5. Stop and Save: Before the 12-hour limit, manually stop the session by clicking the Stop icon (■). Then, immediately commit your progress by clicking "Save Version" -> "Save & Run All (Commit)". This will save the crucial checkpoint file from this session.

**Session 1.2 (T+1)**

1. Start a New Session: Open the same notebook.
2. CRITICAL - Add Previous Output: Click "+ Add Input" on the right. Go to the "Notebook Output Files" tab and find the run from Session 1.1. Add its output as an input source. This gives your new session access to the last checkpoint.
3. Run the Cells: Run Cells 1 through 5 again. The script is smart. In Cell 4, it will automatically find the checkpoint from your attached input and resume training exactly where it left off.
4. Repeat: Let it run for another 8-10 hours, then Stop and "Save Version" again.

**Session 1.3 (T+2)**

1. Repeat the process: Start a new session, add the output from Session 1.2 as an input, and run Cells 1-5.
2. Completion: This final run should be short. The script will finish the remaining epochs for all three stages of the convnext_large model. Cell 5 will complete fully.
3. Mission Complete for Week 1: The final, best model for convnext_large is now safely saved in your committed notebook's output. Do not run Cell 6.
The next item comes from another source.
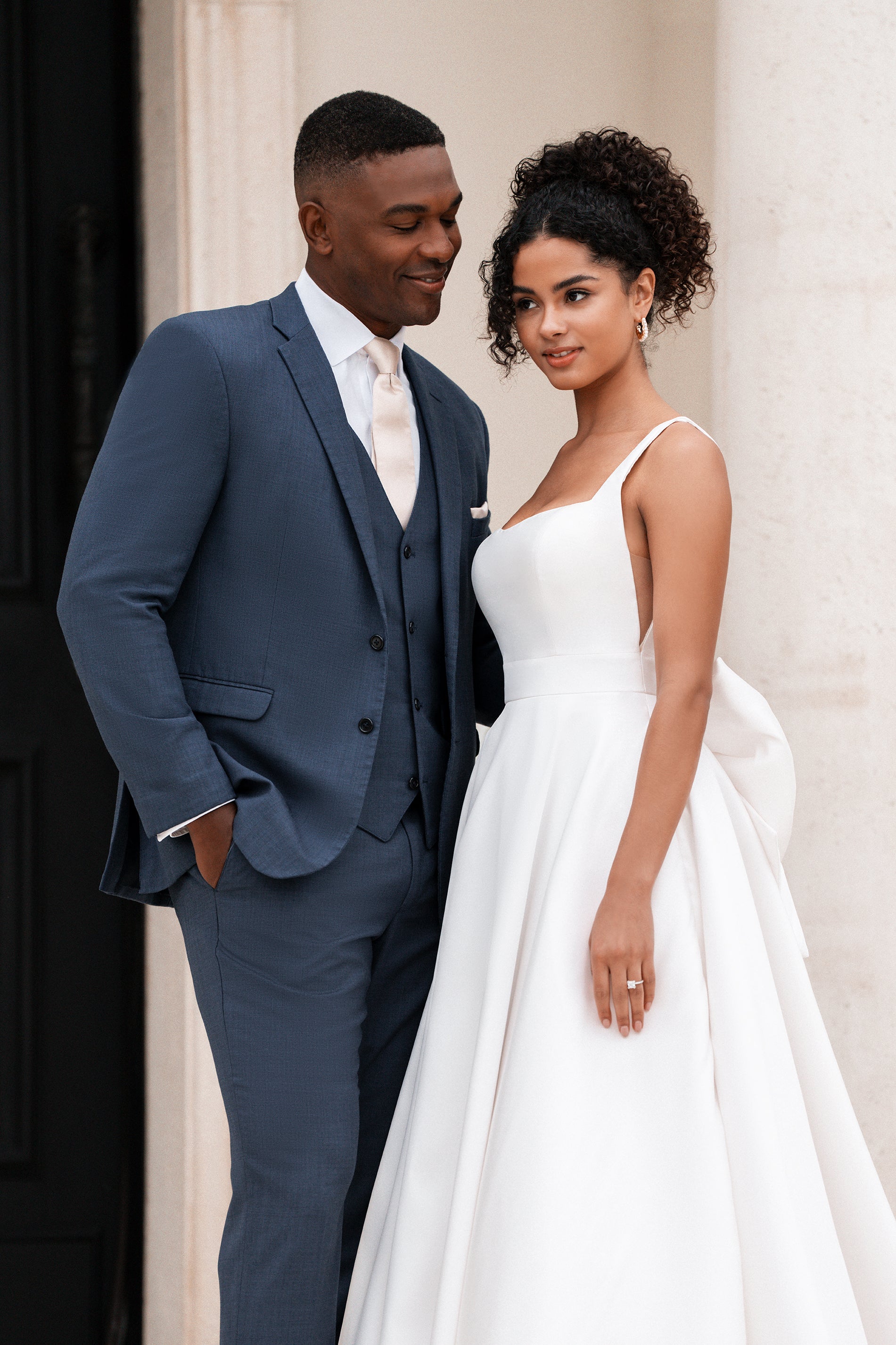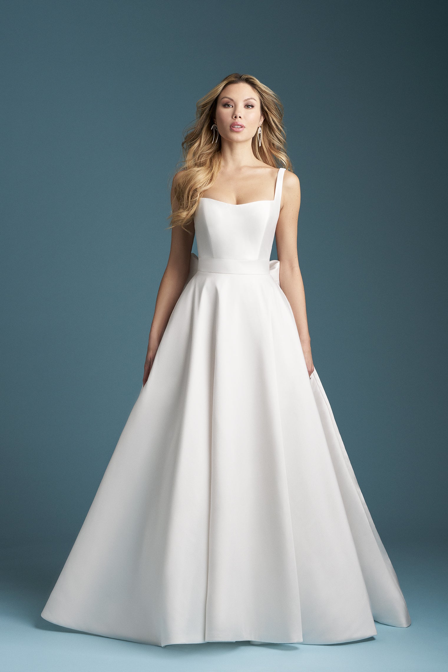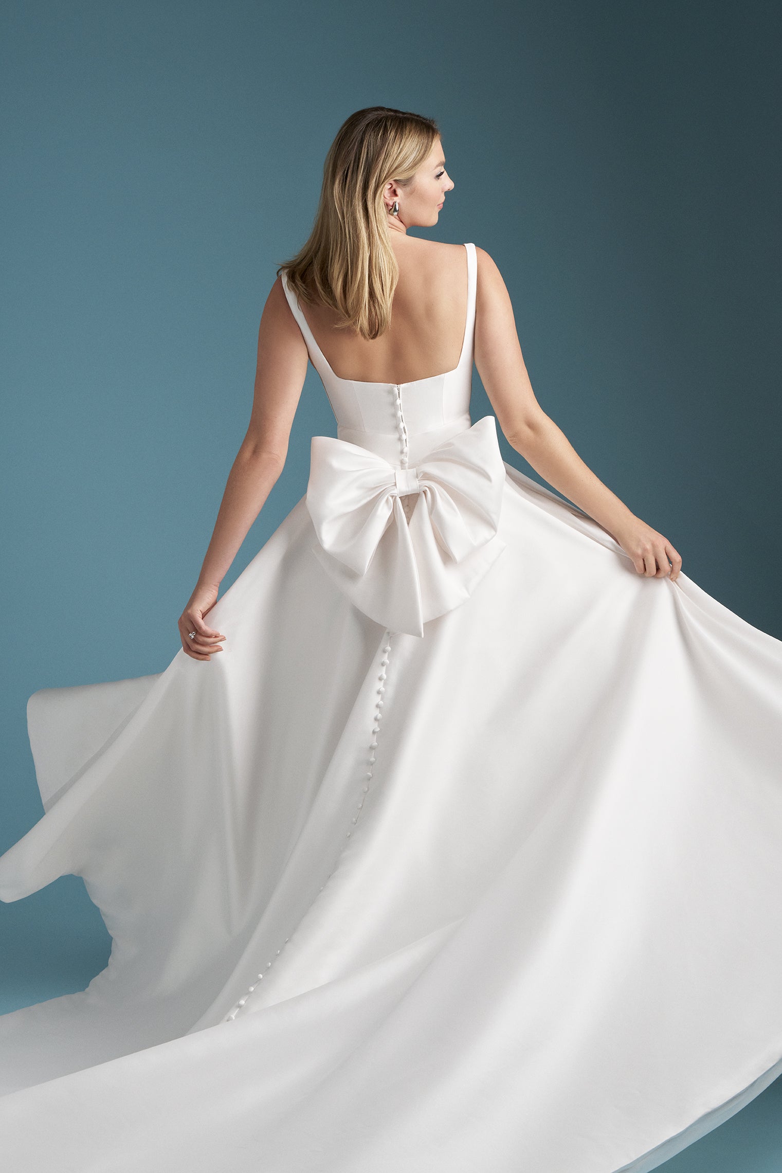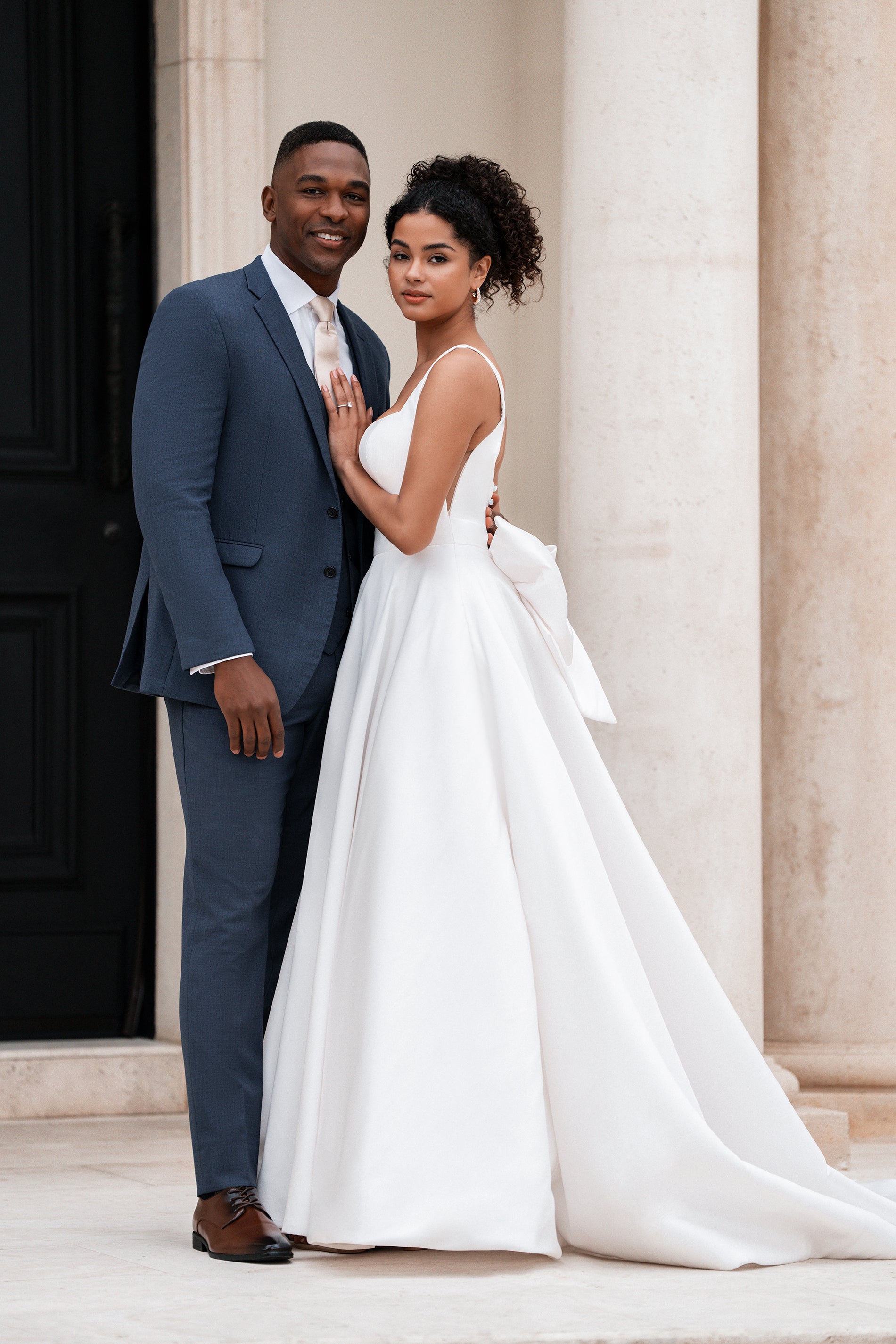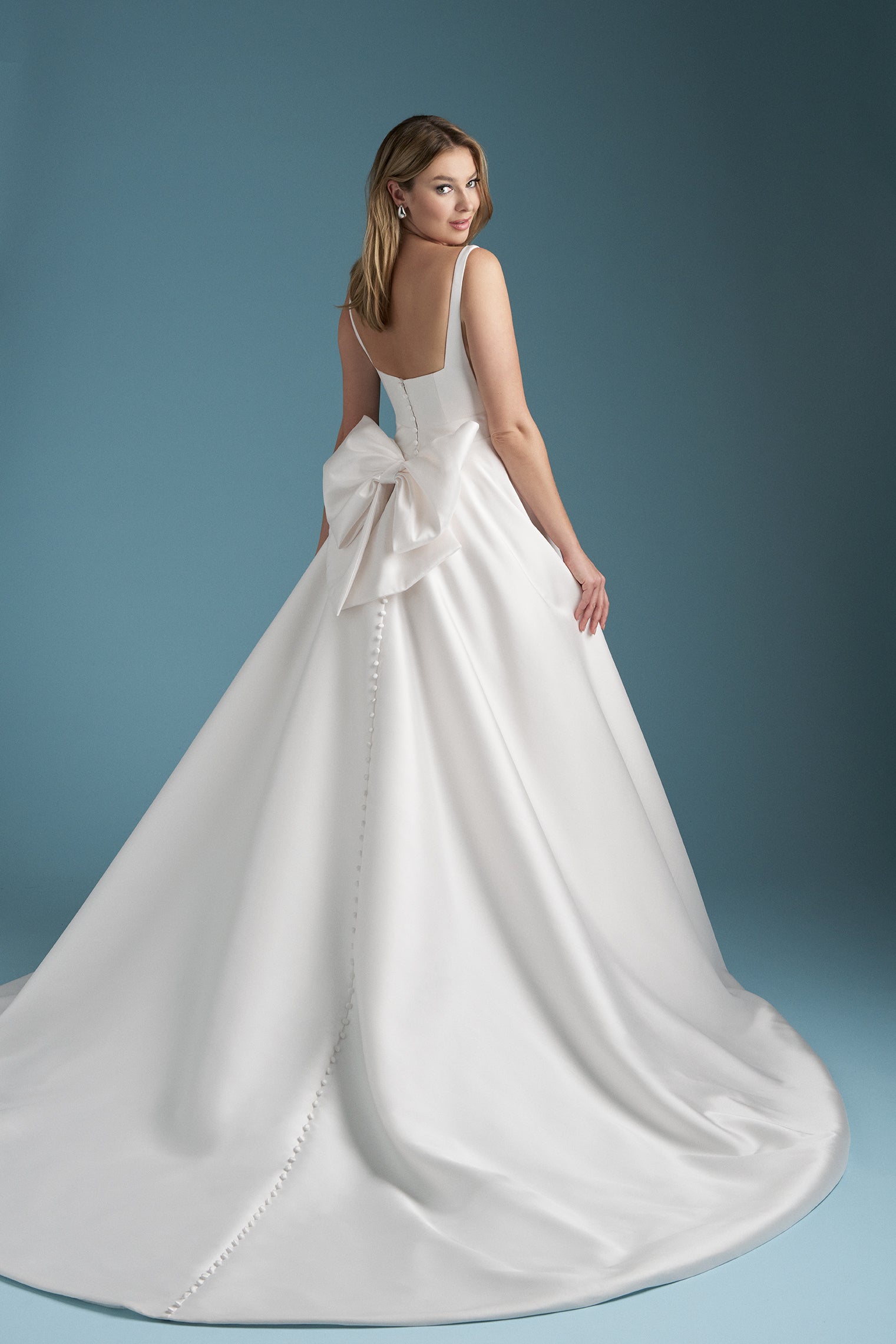 This Mikado ballgown stuns with a classic scoop neckline and delicate spaghetti straps, creating a sleek, timeless silhouette. A detachable bow at the back adds a playful, elegant detail for added versatility.

## Week 2: Training the Second Expert & Final Evaluation
After your weekly quota resets (next weekend), you will repeat the process for the second model.

**Session 2.1, 2.2, 2.3 (Next Weekend)**

1. Configure for Week 2: Open the notebook. Go to Cell 2 and change the TRAIN_BACKBONES list to contain only "swinv2_large_window12_384.ms_in22k_ft_in1k".
2. CRITICAL - Add Week 1's FINAL Model: Add the output from your final, completed Session 1.3 as an input. This makes the fully-trained convnext_large model available for the final evaluation later.
3. Train the Second Model: Repeat the same multi-session process you used in Week 1. Run for 8-10 hours, stop, commit, start a new session, add the previous session's output, and run again.
4. Completion: After about three sessions, Cell 5 will complete fully for the swinv2_large model.

**Final Step: The Ultimate Result (Cell 6)**

1. You are now in the session where Cell 5 has just finished for the second model.
2. Scroll down to Cell 6.
3. Run Cell 6.
4. The Magic: The script will automatically:
   1. Find the convnext_large model from the Week 1 output you attached.
   2. Find the swinv2_large model from the current session's output.
   3. Load both models, perform the TTA + Ensemble, and print your definitive, final accuracy score.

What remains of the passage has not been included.